_Problem to work on_. Within the entries below, please retype exactly the lines starting with the line that has "为提升八道酿的品牌形象,加速" and going on through the line that has "Home deco factory", but not the pictures.

_Data for this task_.
---

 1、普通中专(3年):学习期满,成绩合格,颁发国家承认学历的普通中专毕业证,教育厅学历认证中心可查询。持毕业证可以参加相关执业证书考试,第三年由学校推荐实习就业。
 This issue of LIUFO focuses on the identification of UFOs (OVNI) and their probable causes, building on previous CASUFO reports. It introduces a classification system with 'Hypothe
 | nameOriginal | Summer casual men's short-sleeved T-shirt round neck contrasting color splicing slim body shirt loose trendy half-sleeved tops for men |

---

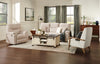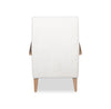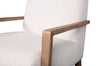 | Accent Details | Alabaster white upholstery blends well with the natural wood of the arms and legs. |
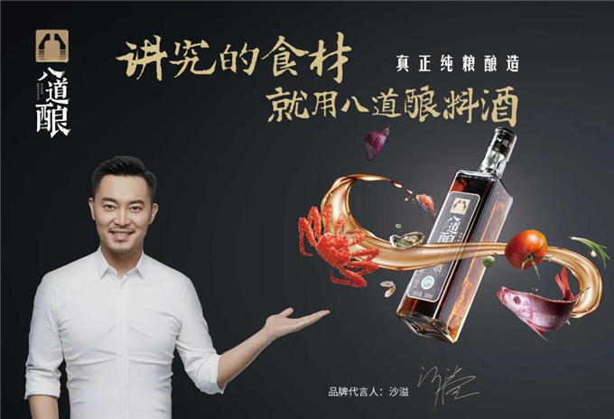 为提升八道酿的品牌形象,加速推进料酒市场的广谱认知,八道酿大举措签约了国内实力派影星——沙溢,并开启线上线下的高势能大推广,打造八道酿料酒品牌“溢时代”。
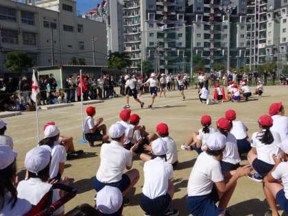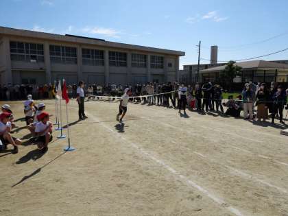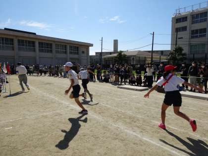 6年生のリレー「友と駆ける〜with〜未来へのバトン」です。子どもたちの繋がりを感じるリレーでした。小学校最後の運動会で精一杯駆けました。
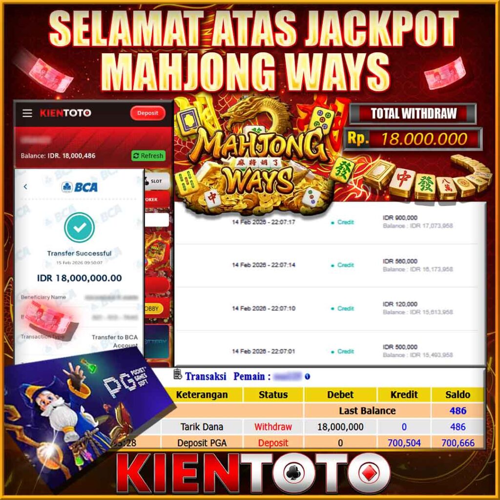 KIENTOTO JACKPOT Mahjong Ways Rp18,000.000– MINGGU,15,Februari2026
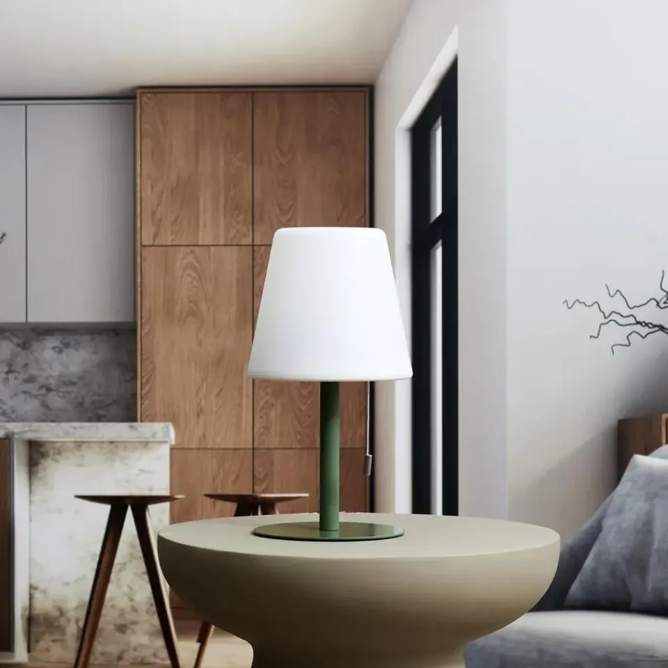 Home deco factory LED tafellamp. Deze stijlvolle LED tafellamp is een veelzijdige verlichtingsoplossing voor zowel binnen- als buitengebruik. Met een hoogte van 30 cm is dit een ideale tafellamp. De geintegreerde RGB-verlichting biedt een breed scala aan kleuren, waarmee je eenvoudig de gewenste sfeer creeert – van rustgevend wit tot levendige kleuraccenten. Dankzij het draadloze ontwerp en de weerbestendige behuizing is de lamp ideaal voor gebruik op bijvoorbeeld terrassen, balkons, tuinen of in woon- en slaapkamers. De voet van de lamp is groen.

---

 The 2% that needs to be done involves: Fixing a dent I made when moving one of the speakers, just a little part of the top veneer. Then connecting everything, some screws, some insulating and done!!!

---

_Solution for this task_.
 为提升八道酿的品牌形象,加速推进料酒市场的广谱认知,八道酿大举措签约了国内实力派影星——沙溢,并开启线上线下的高势能大推广,打造八道酿料酒品牌“溢时代”。
 6年生のリレー「友と駆ける〜with〜未来へのバトン」です。子どもたちの繋がりを感じるリレーでした。小学校最後の運動会で精一杯駆けました。
 KIENTOTO JACKPOT Mahjong Ways Rp18,000.000– MINGGU,15,Februari2026
 Home deco factory LED tafellamp. Deze stijlvolle LED tafellamp is een veelzijdige verlichtingsoplossing voor zowel binnen- als buitengebruik. Met een hoogte van 30 cm is dit een ideale tafellamp. De geintegreerde RGB-verlichting biedt een breed scala aan kleuren, waarmee je eenvoudig de gewenste sfeer creeert – van rustgevend wit tot levendige kleuraccenten. Dankzij het draadloze ontwerp en de weerbestendige behuizing is de lamp ideaal voor gebruik op bijvoorbeeld terrassen, balkons, tuinen of in woon- en slaapkamers. De voet van de lamp is groen.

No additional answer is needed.